Excerpts from a dataset
· · · · ·
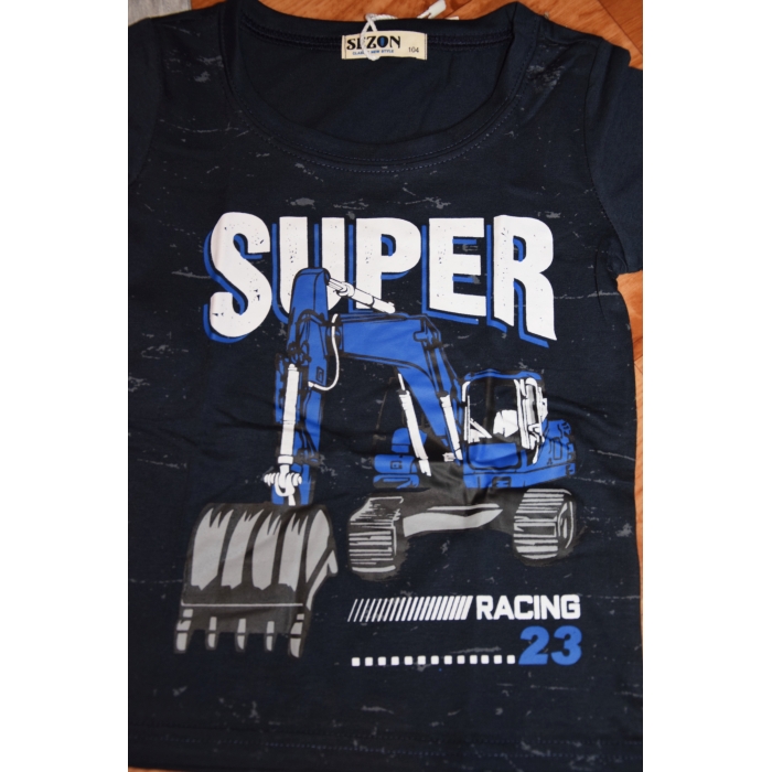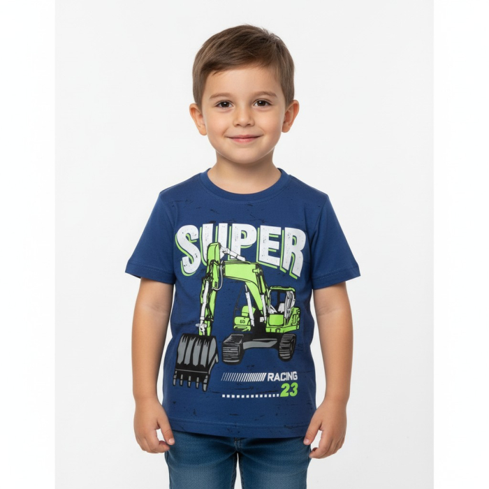 Krásné chlapecké tričko s bagrem - potisk na předním díle.
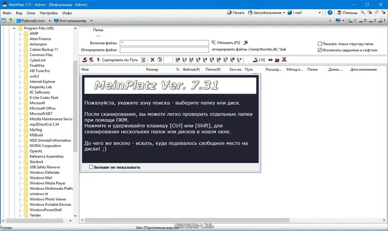 Для начала работы с MeinPlatz необходимо запустить программу, после чего она автоматически проведет сканирование выбранных дисков или папок. В процессе анализа пользователь сможет видеть прогресс и получать подробные отчеты о занимаемом пространстве. После завершения сканирования доступны функции сортировки и фильтрации данных по различным критериям, а также возможность распечатать или экспортировать результаты. Утилита не требует сложных настроек и идеально подходит для быстрого выявления крупных файлов или папок, занимающих слишком много места.
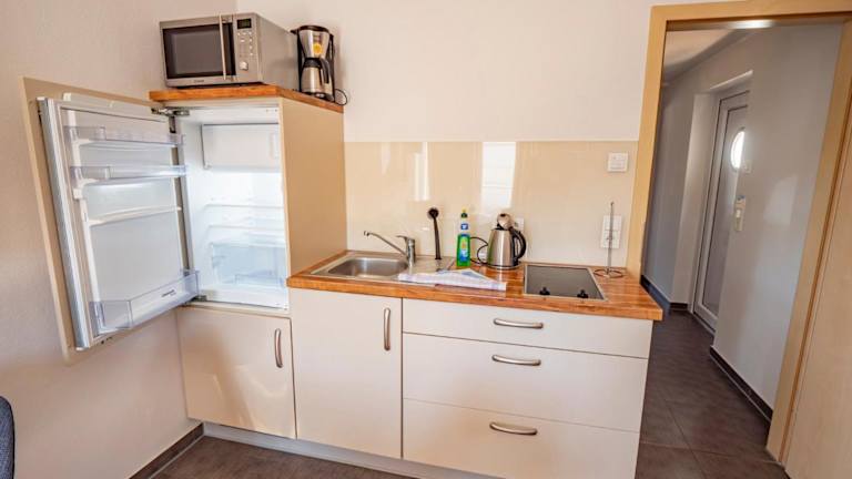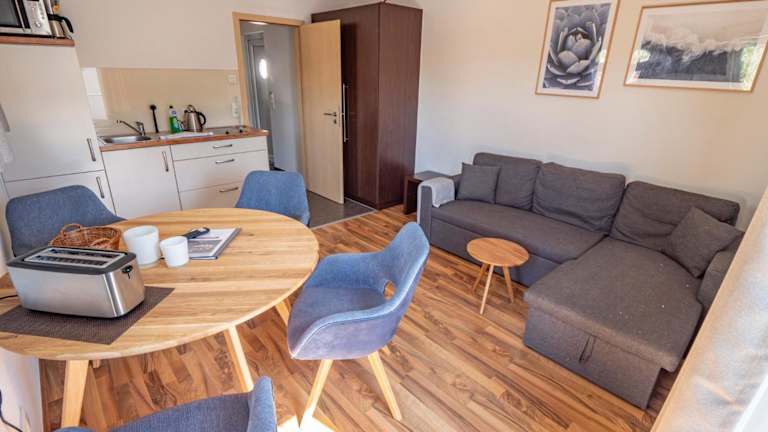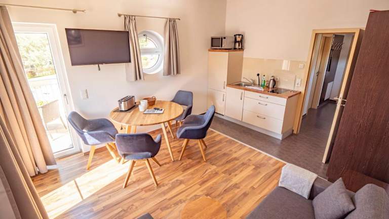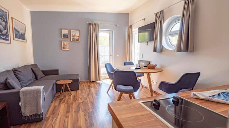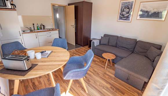 Die Ferienwohnung Kölpinsee 09 umfasst ein Schlafzimmer und ein Wohnzimmer, das mit einem Satelliten-Flachbild-TV ausgestattet ist. Die Küchenzeile ist voll ausgestattet und verfügt über einen Kühlschrank. Handtücher und Bettwäsche werden zur Verfügung gestellt.
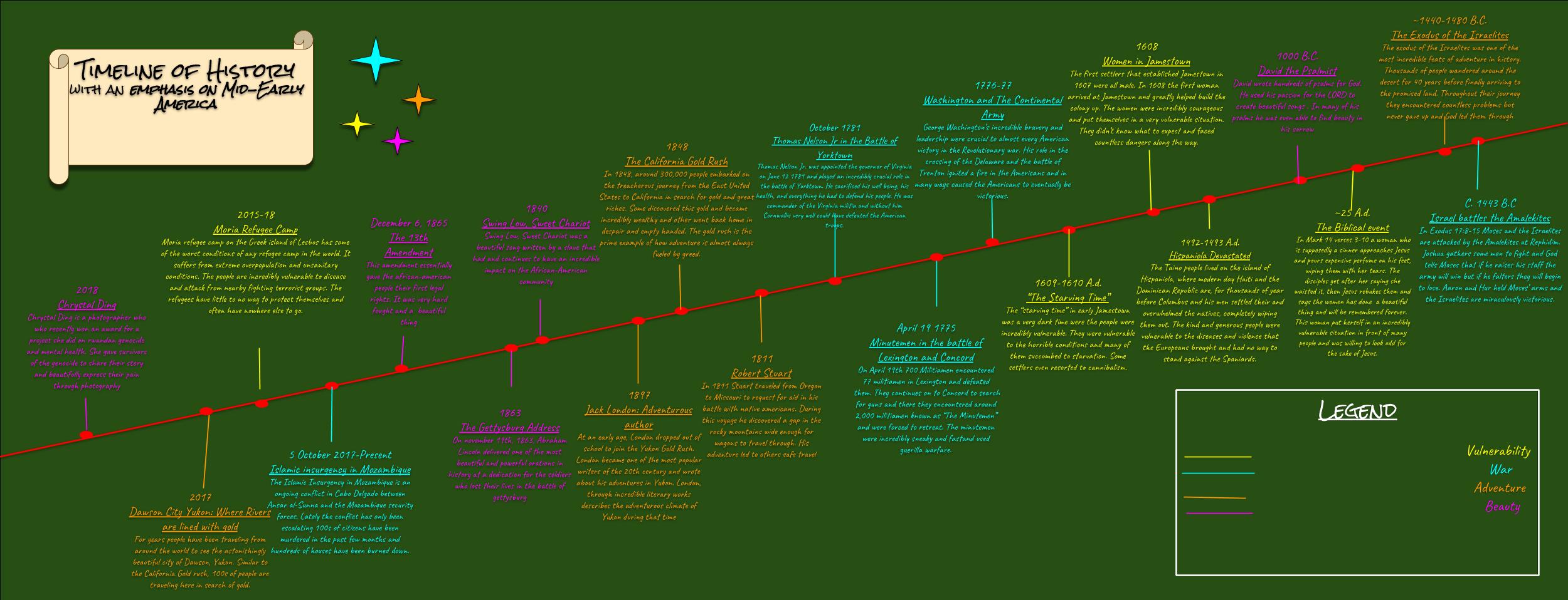 America through the American Civil War, to biblical and modern-day (so as to illustrate how thematic patterns repeat themselves (Eccles 1:9) and, - complete an annotated bibliography on four topics of choice, each topic specific to an era in American history. For each topic, students were to gather five credible sources (a combination of both primary and secondary). Therefore, their final bibliography was to contain 20 sources, each critically analyzed and summarized.
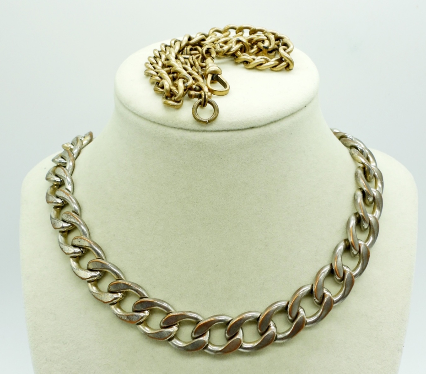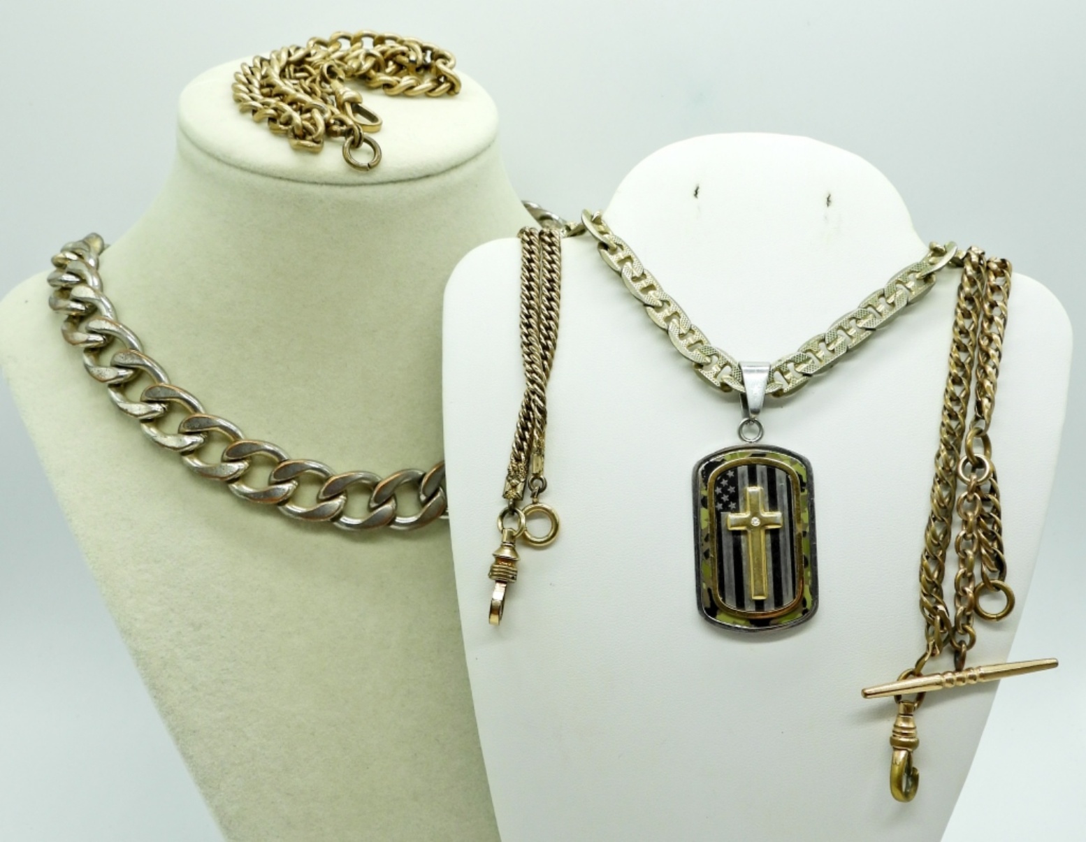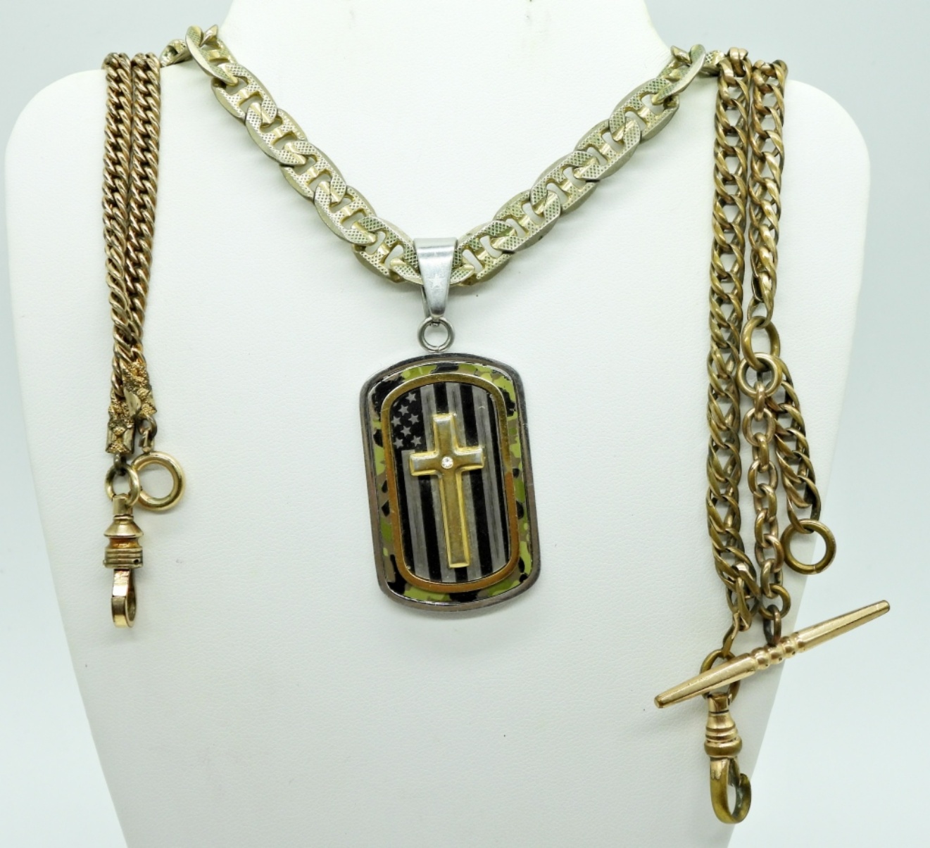 Dog Tag Cross Pendant with Camouflage on a Gold Tone 23″ Chain. Thick Silver Tone Chain, 18-20″ Adjustable. Three Gold Tone Pocket Watch Chains. 12″, 13″ and a 14″ that is Marked “R.F.S. & Co.).
· · · · ·
▶ YOUR OBJECTIVE: Copy all of the data above exactly. Leave out every picture.

▶ OUTPUT OF THE TASK:
 Krásné chlapecké tričko s bagrem - potisk na předním díle.
 Для начала работы с MeinPlatz необходимо запустить программу, после чего она автоматически проведет сканирование выбранных дисков или папок. В процессе анализа пользователь сможет видеть прогресс и получать подробные отчеты о занимаемом пространстве. После завершения сканирования доступны функции сортировки и фильтрации данных по различным критериям, а также возможность распечатать или экспортировать результаты. Утилита не требует сложных настроек и идеально подходит для быстрого выявления крупных файлов или папок, занимающих слишком много места.
 Die Ferienwohnung Kölpinsee 09 umfasst ein Schlafzimmer und ein Wohnzimmer, das mit einem Satelliten-Flachbild-TV ausgestattet ist. Die Küchenzeile ist voll ausgestattet und verfügt über einen Kühlschrank. Handtücher und Bettwäsche werden zur Verfügung gestellt.
 America through the American Civil War, to biblical and modern-day (so as to illustrate how thematic patterns repeat themselves (Eccles 1:9) and, - complete an annotated bibliography on four topics of choice, each topic specific to an era in American history. For each topic, students were to gather five credible sources (a combination of both primary and secondary). Therefore, their final bibliography was to contain 20 sources, each critically analyzed and summarized.
 Dog Tag Cross Pendant with Camouflage on a Gold Tone 23″ Chain. Thick Silver Tone Chain, 18-20″ Adjustable. Three Gold Tone Pocket Watch Chains. 12″, 13″ and a 14″ that is Marked “R.F.S. & Co.).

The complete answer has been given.